1 Eylül’de Thüringen ve Saksonya’da yapılan parlamento seçimlerinin ardından dikkatler şimdi de 22 Eylül’de Brandanburg eyaletinde yapılacak seçimlerde. Yaklaşık 2 milyon seçmenin olduğu eyalette seçim öncesinde yapılan anketlere göre aşırı sağcı Almanya için Alternatif (AfD) partisi anketlerde birinci görünüyor. Değişik anketlere göre AfD’nin oyu yüzde 27-30 arasında seyrediyor. Daha önce birinci gönen SPD’nin oyu yüzde 20-23, CDU’nun oyu yüzde 15-18, BSW’nin yüzde 15, Yeşiller’in ise yüzde 5-5,5 arasında görünüyor. Sol Parti ve FDP’nin ise yüzde 5 barajını aşması beklenmiyor. Son seçimlerde barajı geçmeyi başaran Hür Seçmenler (FW) de barajı bu sefer geçemeyecek.
Eyalette halen SPD-CDU-Yeşiller (Kenya) koalisyonu işbaşında. Anketlere göre mevcut koalisyonun yeniden hükümet kurması mümkün olmayabilir. Yeşiller’in barajı aşamaması durumunda, bu daha da kesin bir hal alacak. Bu durumda BSW ve AfD’nin koalisyona dahil olması sözkonusu olacak. Saksonya ve Thüringen’de olduğu gibi Brandenburg’da da ezber bozan koalisyon hesapları ortaya çıkabilir.
AfD İKİNCİ BAŞARIYA HAZIRLANIYOR
Daha önce AfD’nin sadece Thüringen’de birinci parti olacağı öngörülerek hesaplar yapılıyor. Ancak, 1 Eylül seçimlerinin de etkisiyle AfD’nin birinci olacağı anlaşılıyor. Bu süreçte en fazla oy kaybına uğrayacak partinin SPD ve CDU olduğu anlaşılıyor. 2019 seçimlerinde SPD yüzde 5,7; CDU yüzde 7,4 oy, Sol Parti ise yüzde yüzde 7,9 oy kaybetmiş, AfD ise oyunu yüzde 11,3 artırarak yüzde 23,5’e çıkarmıştı.
Son 10 yıl içinde AfD’nin oylarını iki katına artırması yükselişinin devam edeceği anlaşılıyor.

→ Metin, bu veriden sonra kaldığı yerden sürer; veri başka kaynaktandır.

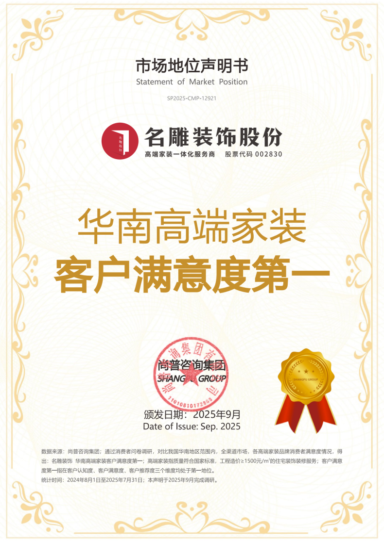 2025年9月,尚普咨询集团向名雕装饰颁发市场地位声明书。名雕装饰荣获【名雕装饰 中国高端家装领导品牌】【名雕装饰 华南高端家装客户满意度第一】两项市场地位声明,标志着其在家装行业的标杆地位及市场的高度认可。

Üstelik daha önceki eyalet başkanının açıktan faşist birisi olduğu bilinmesine rağmen.
Brandenburg’da görünen tabloya benzer bir sonucun çıkması durumunda, Almanya’daki siyasi iklim açısından önem atfedilen Doğu Almanya’daki seçimler tamamlanmış olacak. Doğu Almanya’daki tabloda aşırı sağcı partinin oylarında gerileme değil bir ilerleme olduğu görülüyor. Eylül 2025’te yapılması planlanan genel seçimlerde AfD, Doğu eyaletlerindeki kadar yüksek olmasa da son seçimlerden daha yüksek oy alacağı anlaşılıyor.

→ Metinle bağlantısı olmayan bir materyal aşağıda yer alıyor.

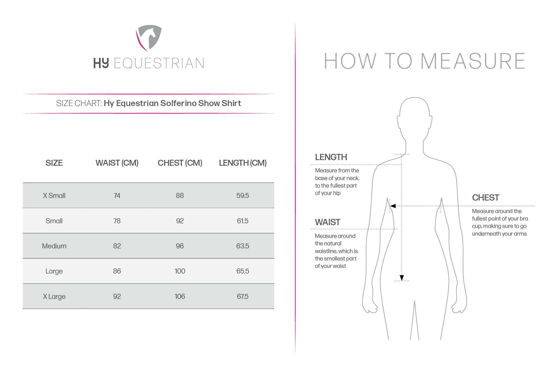 Elevate your equestrian wardrobe with the Hy Equestrian Solferino Show Shirt, expertly designed for the dedicated athlete. This high-performance shirt features moisture-wicking fabric that ensures optimal breathability and ventilation, keeping you cool and comfortable during competitions. The elegant stand-up white collar, secured with a discreet zip and adorned with delicate crystal detailing, adds a touch of sophistication. With sculpted stitching that flatters your silhouette, this show shirt is the perfect choice for making a stunning impression in the ring.

GÖÇ VE MÜLTECİLER ÜZERİNDEKİ YARIŞ AfD’YE YARIYOR
Genel olarak ülkede yoksullara, göçmenlere, mültecilere karşı estirilen hava seçim sonuçlarında etkili oldu. Bu nedenle yarış halindeki sermaye partilerinin tümü bu konularda daha sert politikaların izlenmesini talep ediyor. Başbakan Olaf Scholz’un bir yıl önce mültecilere yönelik ilan ettiği “Büyük bir çoğunluğu sınırdışı” edilecek şeklindeki sözleri aynı politikanın sonucu. Mültecilere yönelik sözde “hümanist politikalardan” yana imajı veren Yeşiller de aynı politikanın parçası oldu. AfD, CDU/CSU ve BSW de göç ve mülteciler politikasının sertleştirilmesi konusunda adeta birbiriyle yarış halinde. Sürekli birbirinden sert öneriler yapıyorlar. Bu politika genel olarak ülkedeki siyasi atmosferi sağa çekerken, en çok da AfD’nin işine yarıyor. AfD’nin sosyal medya üzerinden ve yöneticilerin ağzından “Biz söylüyoruz, onlar yapıyor” yönlü tutumu da bunu gösteriyor.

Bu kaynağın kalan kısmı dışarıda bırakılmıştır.